2017年02月25日 | 日記・エッセイ・コラム

アルコールとフィッツジェラルド。センチメンタルな読解は何も生まない。比較的若年層にとって、このことは大変重要な意義を持ってくるに違いない。アルコールや薬物と、脳内分泌物質の化学合成並びにその効果。デリダによるプラトン読解における「治療薬/毒薬」について。デリダの論考では、古代ギリシアにおける「治療薬/毒薬」の間の境界線は極めて濃い政治的=イデオロギー的な色彩を持つと指摘されている。カフカに言わせればこの境界線は「移動する」と言うだろうし、ドゥルーズ&ガタリなら境界線の消滅とは言わず、境界線はその都度その都度で「可動的」だと述べるに違いない。実を言うと医学的な臨床現場においても「治療薬/毒薬」の間の境界線などほとんど何も解明されてなどいないに等しい。第一、作用の変化が余りにも多彩過ぎる。無数に等しい。しかし無数に等しいということは究極の多様性を現わしている。要するに一般的に遍在することと同じである。究極の多様性は逆に一般的なもの、例えば「空気」など、と同一であるということだ。「多頭は無頭である」。だから、とりわけアルコールから薬物への需要の移動、また同時にアルコールと薬物の需要の混交、さらにはアルコール/薬物から切り離された場所に行けば当然のように遥かに高く要求されてくる新しい薬物への欲望。分泌される無数の脳内分泌物質の諸作用について、関心を持たない化学者はどこにもいないに違いない。

「『ずいぶん何年もお会いしませんでしたわね』と、デイズィが言った。いかにもさりげない声である。『この十一月で五年です』そう言ったギャツビー」(フィッツジェラルド「グレート・ギャツビー・P.142」新潮文庫)

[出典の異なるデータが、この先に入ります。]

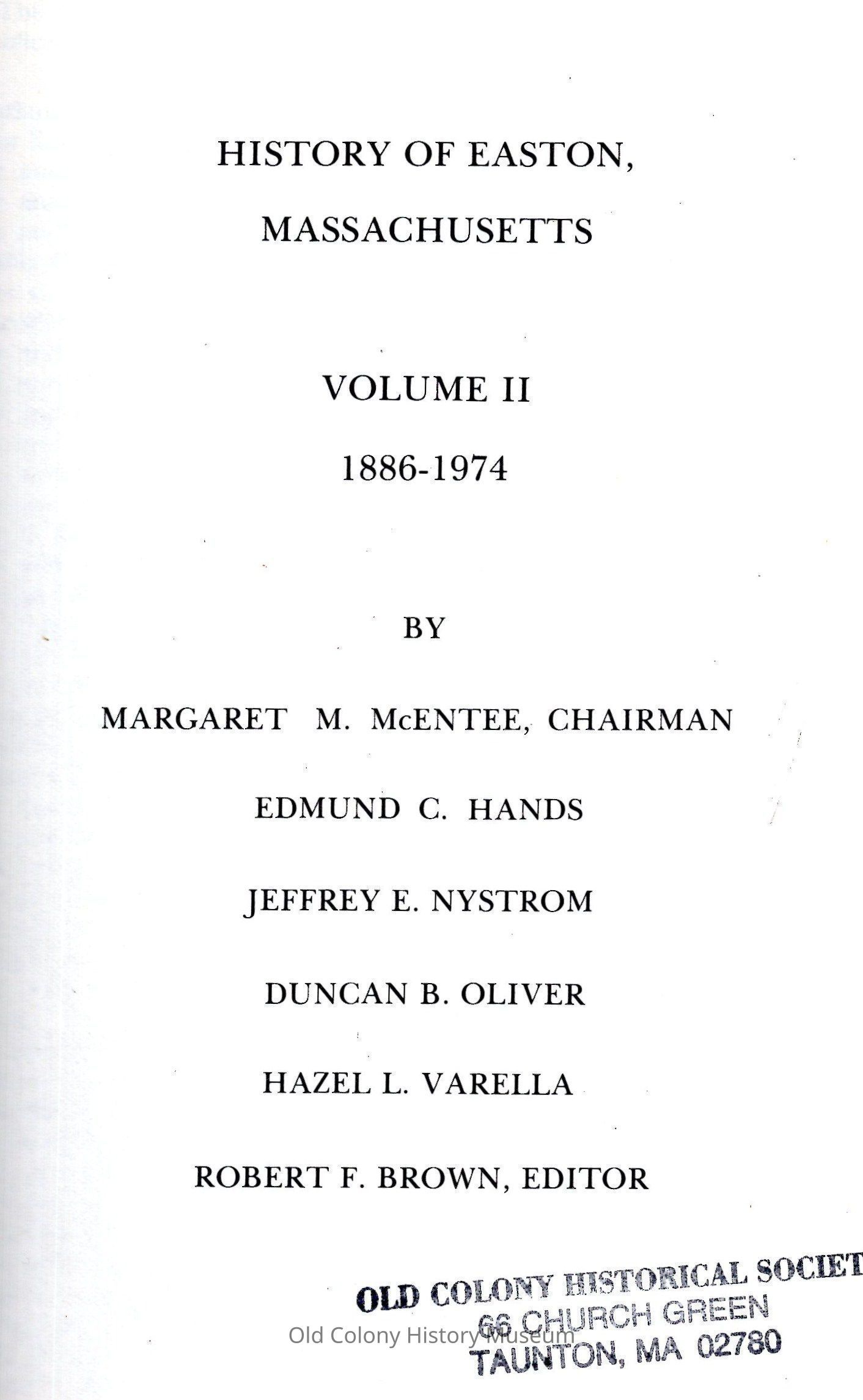 History of Easton, Massachusetts Vol. II, 1886-1974Entry/Object ID

「ぼくは中にはいった──はいる前に、台所で、調理用の焜炉(こんろ)をひっくりかえさぬ程度に、できうるかぎりの物音をたてた──けれども、彼らの耳には一つとして聞えなかったにちがいない。二人は寝椅子に両端をおろし、どちらかが何かをたずねたところ、二人とも何かを考えているところか、お互いに顔を見合わせている。狼狽(ろうばい)の色は、二人から跡形もなく消え失(う)せていた。デイズィの顔は涙によごれていたが、ぼくがはいって行くと、彼女はひょいと立ちあがって、鏡の前に行き、ハンケチで顔を拭(ふ)きはじめた。ギャツビーのほうにはしかし、なんとも不思議な変化が現われていた。顔は文字どおり輝くばかり。歓喜の身ぶり一つ見せずとも、いままではなかった幸福感が、彼の身体(からだ)から放射してその小さな居間にあふれている」(フィッツジェラルド「グレート・ギャツビー・P.145」新潮文庫)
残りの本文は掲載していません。